A practical guide for synthesising years of collected research, articles, documents, and websites using modern AI tools — designed for a Mac user who wants real answers from their own content. Now updated with Readwise API integration details, file sync options, and a new phase on making your knowledgebase publicly accessible.

📍 Mac · Australia 📦 Medium Scale (500–2000 files) 🎯 Synthesis-focused 💰 Subscription-friendly
What's new in v2
  • Confirmed: Readwise API access is free with your existing subscription — no extra charge
  • Updated Phase 3 to use AnythingLLM's built-in Readwise connector (no manual export needed)
  • Added file sync options: REST API scripting and Claude Cowork for automated local file updates
  • Updated Safari Reading List guidance — switch to Readwise Reader browser extension going forward
  • New Phase 4: Making your knowledgebase publicly accessible (ngrok, Cloudflare Tunnel, cloud hosting)
  • Updated budget with optional cloud hosting cost for public access
  • Added Month 3 to the Getting Started roadmap

How an AI Knowledgebase Works

Before diving into tools, it helps to understand the underlying idea. Traditional search finds documents that contain your keywords. An AI knowledgebase does something much more powerful: it understands your content and can synthesise answers across many sources at once — like having a research assistant who has read everything you've collected.
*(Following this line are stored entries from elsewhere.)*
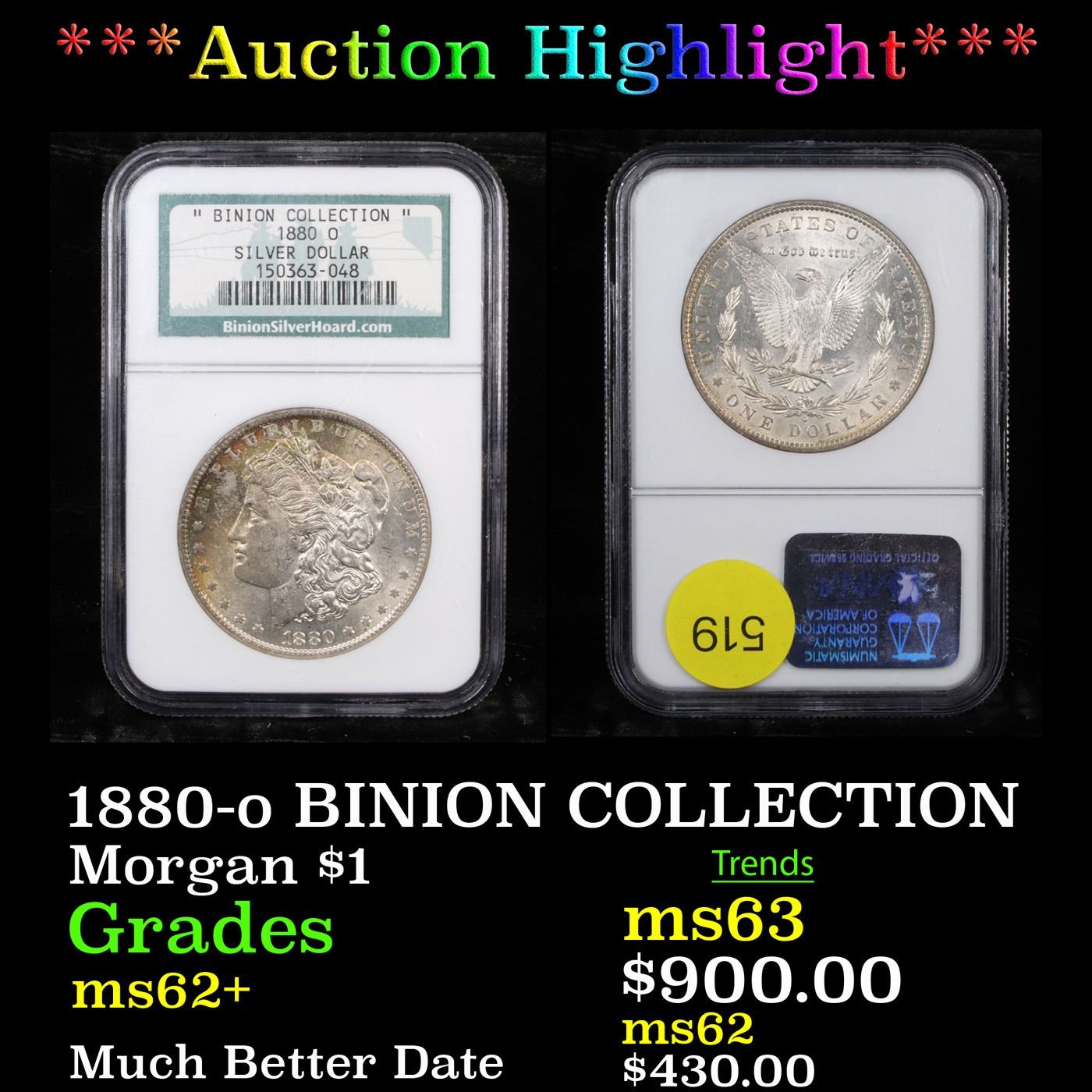 ***Auction Highlight*** NGC 1880-o BINION COLLECTION Morgan Dollar $1 Graded ms62+ By NGC.
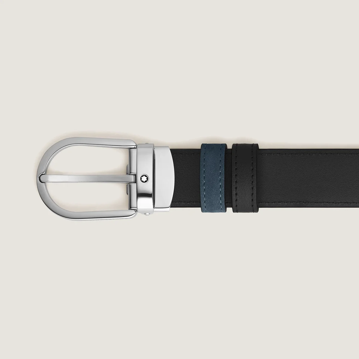 With soft to touch velvet blue suede on one side and smooth black leather on the other, this reversible 30mm belt offers twice the style. The horseshoe buckle with a shiny palladium finish adds a timeless feel, completed by the Montblanc emblem.
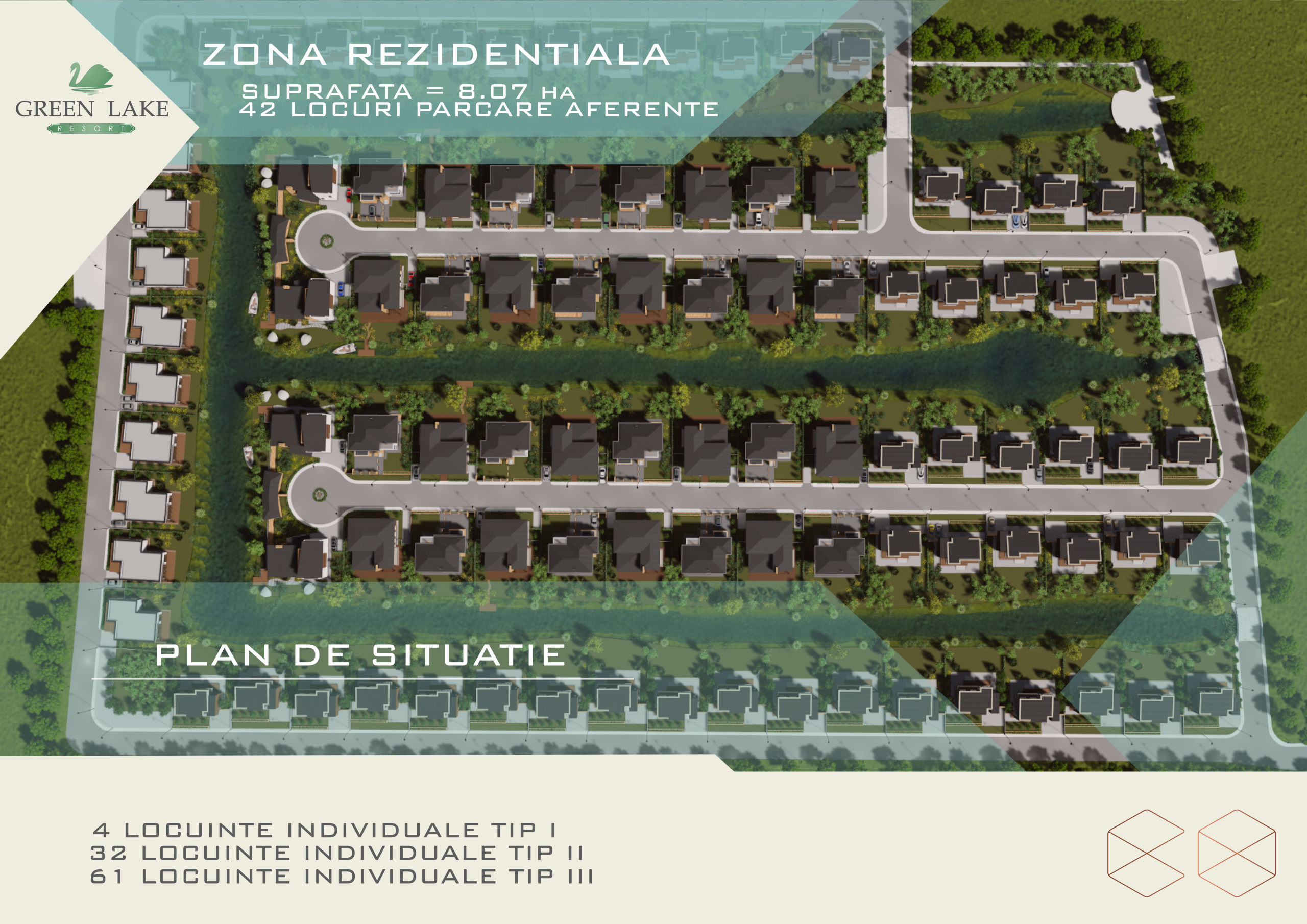 Zona rezidentiala cuprinde 97 de locuinte individuale, fiecare beneficiind de doua locuri de parcare si acces direct la un lac artificial propus. Adiacent au fost prevazute 42 de locuri de parcare pentru vizitatori.
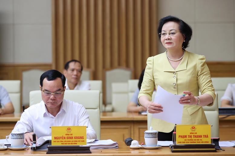 Bộ trưởng Bộ Nội vụ Phạm Thị Thanh Trà, Phó Chủ tịch Thường trực Hội đồng báo cáo tại Phiên họp - Ảnh: VGP/Nhật Bắc
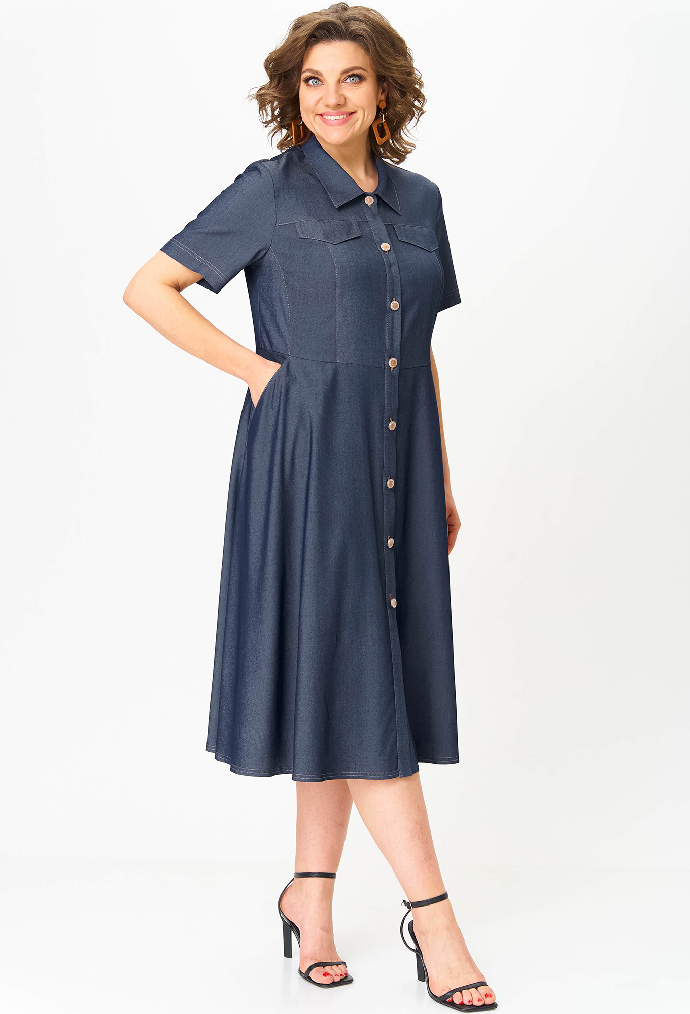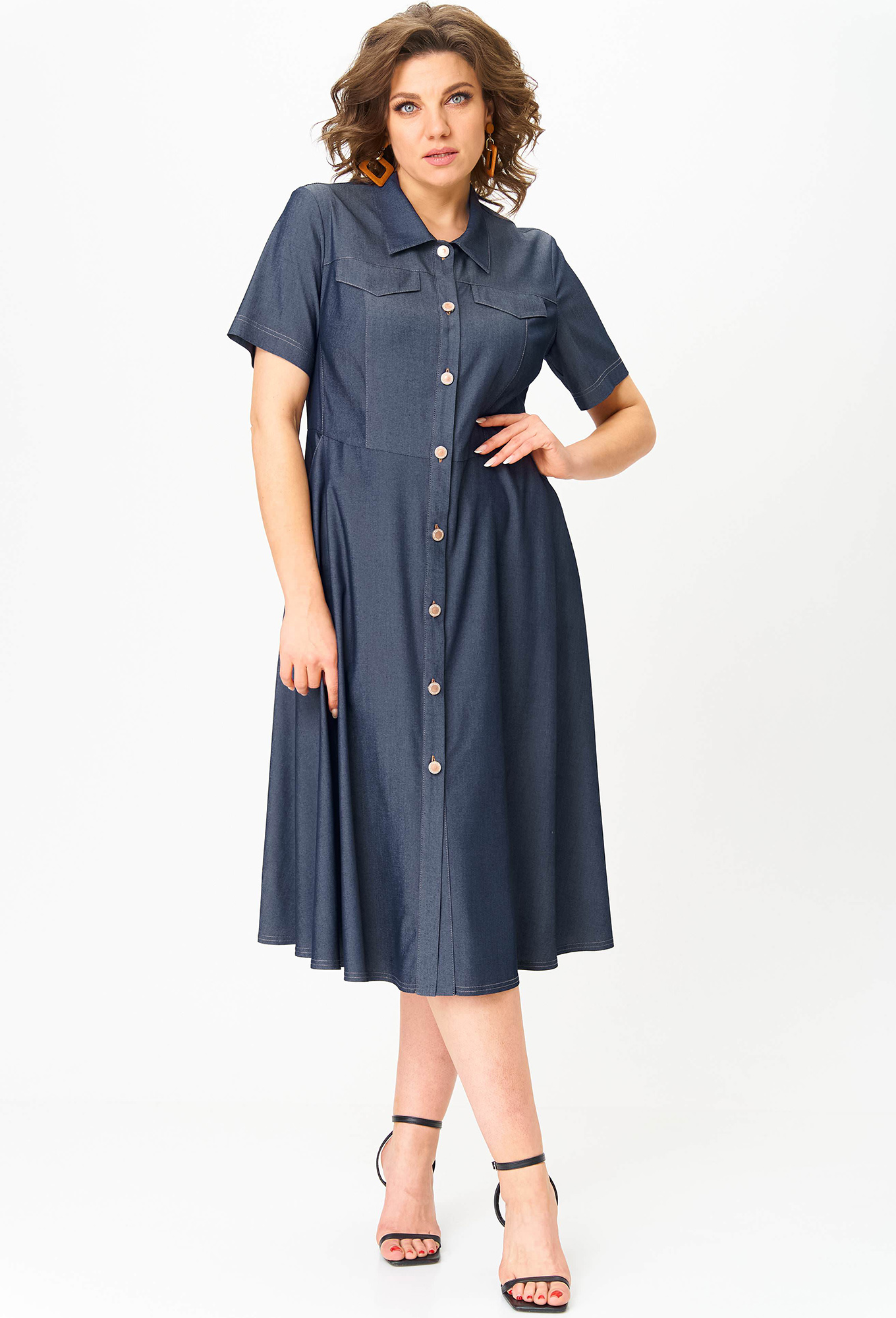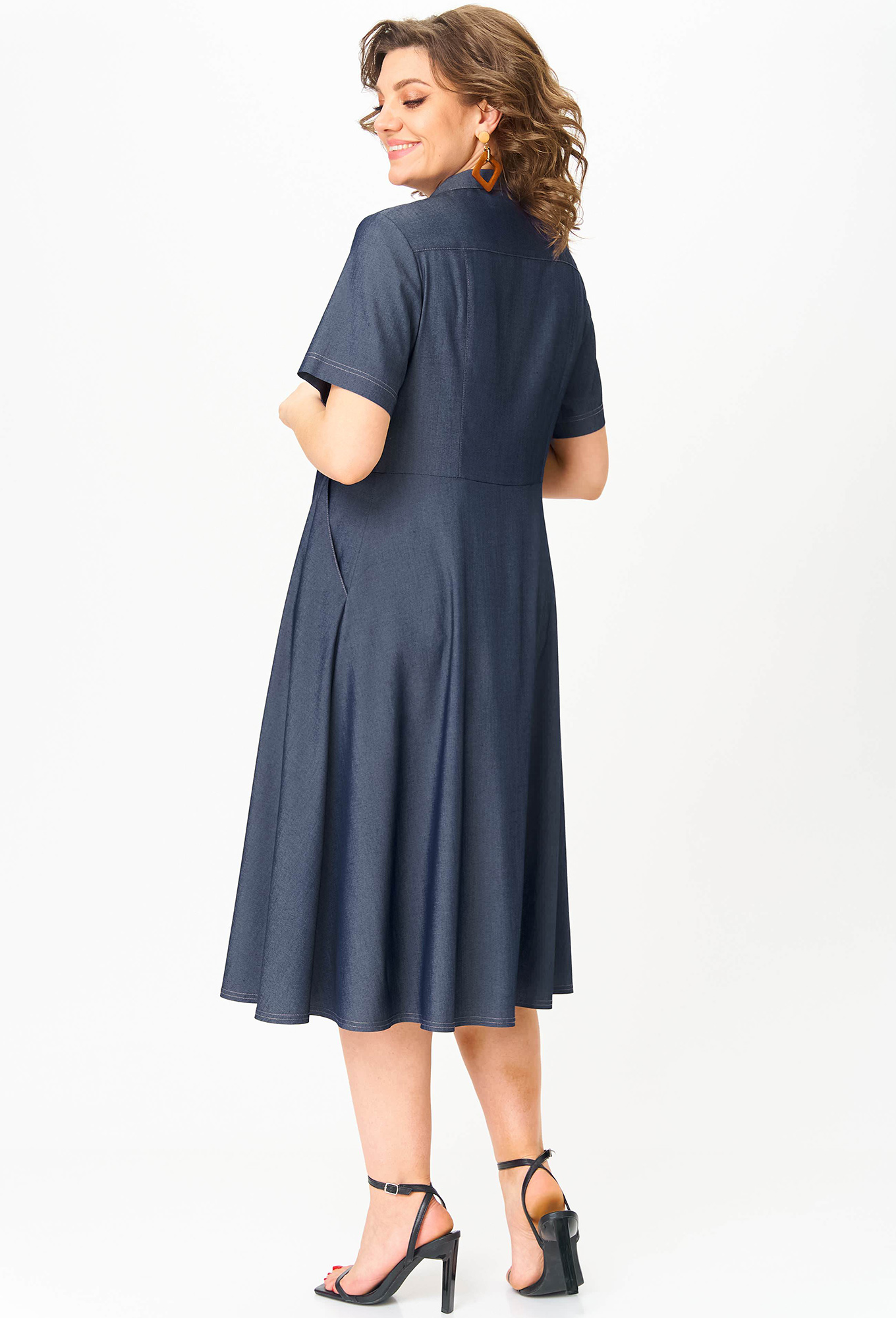 Платье А-образного силуэта, длиной ниже колена. Платье выполнено из однотонной ткани. Платье отрезное по линии талии. Полочка лифа с вертикальными рельефами и отрезной плечевой кокеткой. В шве притачивания кокетки обработаны фигурные клапаны. Спинка с вертикальными рельефами и отрезной плечевой кокеткой. Горловина круглой формы с отложным воротником. Центральная часть полочки с притачными планками и застежкой на петли и пуговицы-болты. Юбка платья формы колокол, по передней половине обработаны наклонные карманы.
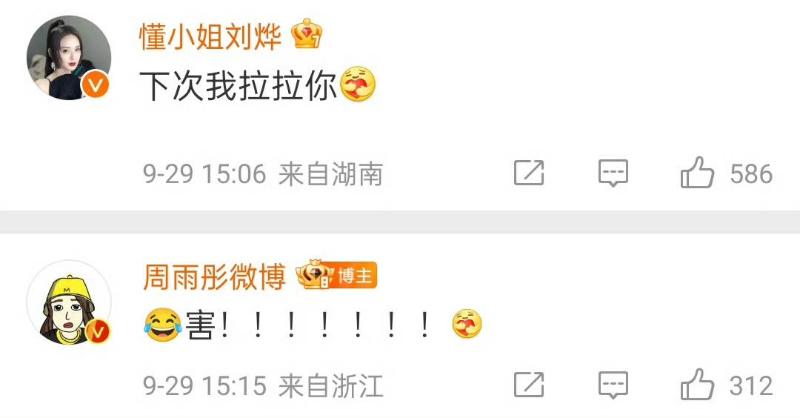 隨著熱議,周雨彤和劉燁發博互動,劉烨說:「下次我拉拉你,哈哈哈哈」
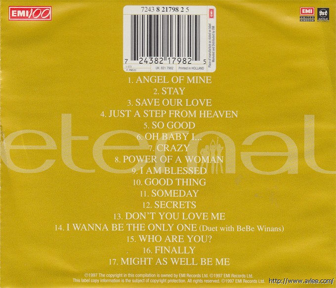 唱片名称:Eternal - Greatest Hits艺术家名称: Eternal发行公司:EMI发行编号:724382179825发行日期:1997年
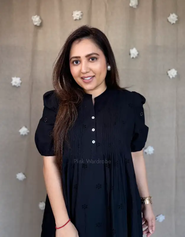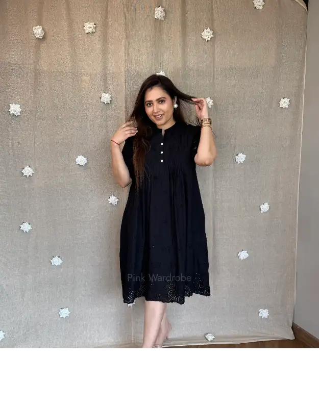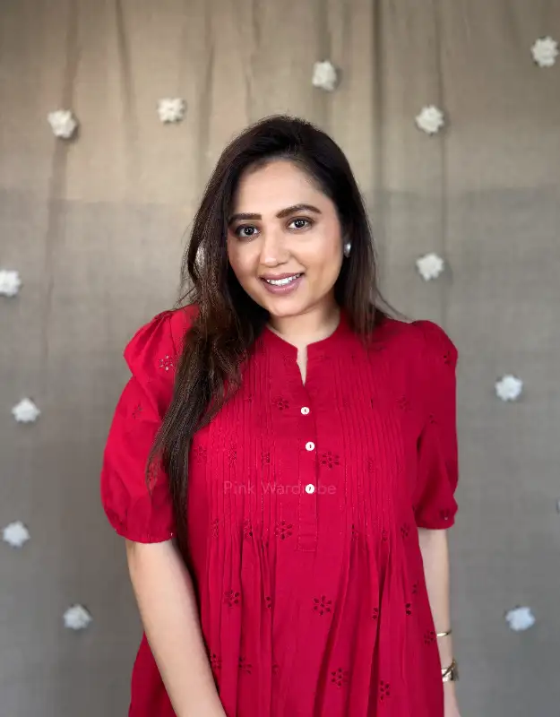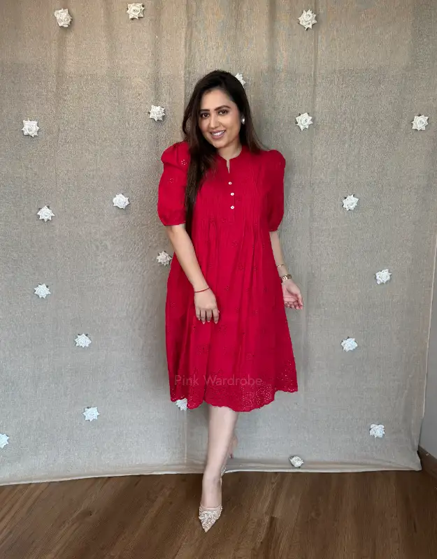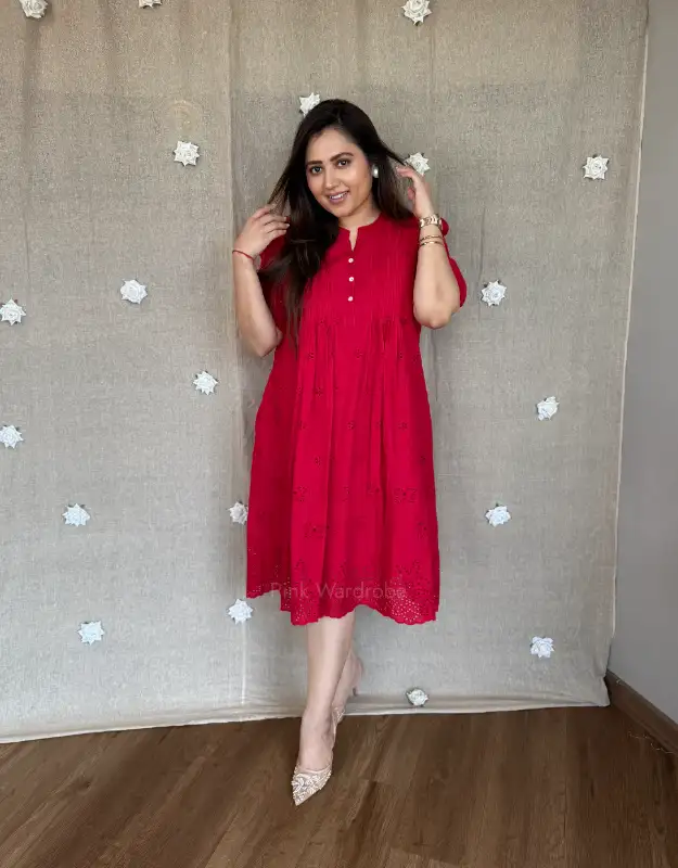 Elevate your wardrobe with our Chikankari Schiffli Work Dress in stunning two-tone red and black. A chic mid-length A-line silhouette with a high neck and pockets on both sides, this piece is perfect for luxury holiday wear, brunch dates, office-to-date-night looks, and effortless everyday elegance. Comfortable, modest, and crafted for women who prefer premium fashion.
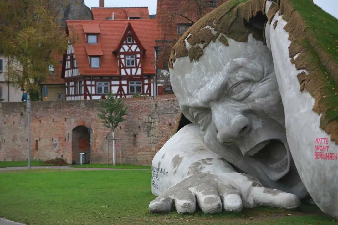 这座转头雕塑位于匈牙利布达佩斯的塞切尼广场,由才华横溢的艺术家欧文·洛兰思·赫维为2014年布达佩斯艺术市场国际当代艺术博览会创作,她将雕塑命名为“突然出现”,因为有一个男人从地下爬出来。
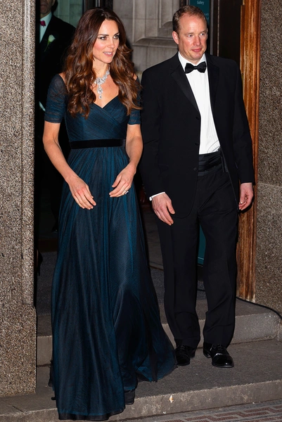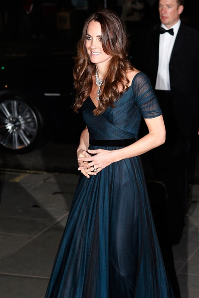 Для события она выбрала изумрудное платье Jenny Packham, дополнив его бриллиантовым колье из коллекции низама Хайдарабада, которое королева Великобритании подарила ей в день свадьбы. Перед помолвкой Елизаветы II низам сказал будущей правительнице выбрать украшения из коллекции Cartier. Королева выбрала тиару и ожерелье, основанные на английской розе. Колье состоит из длинной цепочки из 38 бриллиантов, в его центре 13 бриллиантов изумрудной огранки в форме грушевидной капли. Именно это историческое ожерелье Елизавета II и преподнесла Кейт Миддлтон.

The technical term is RAG — Retrieval Augmented Generation. In plain language: when you ask a question, the system finds the most relevant pieces from your documents, then an AI model reads those pieces and writes you a synthesised answer, complete with source references. You're not limited to "which document mentioned this?" — you can ask "what do my sources collectively say about X?"

Layer 1

📥 Capture

Getting your content in — PDFs, web pages, newsletters, Word files, presentations, and emails.

Layer 2

🗄️ Index

The system reads and "understands" your content, storing it so an AI can search it by meaning, not just keywords.

Layer 3

💬 Query

You ask questions in plain English and get synthesised answers drawn from your own material.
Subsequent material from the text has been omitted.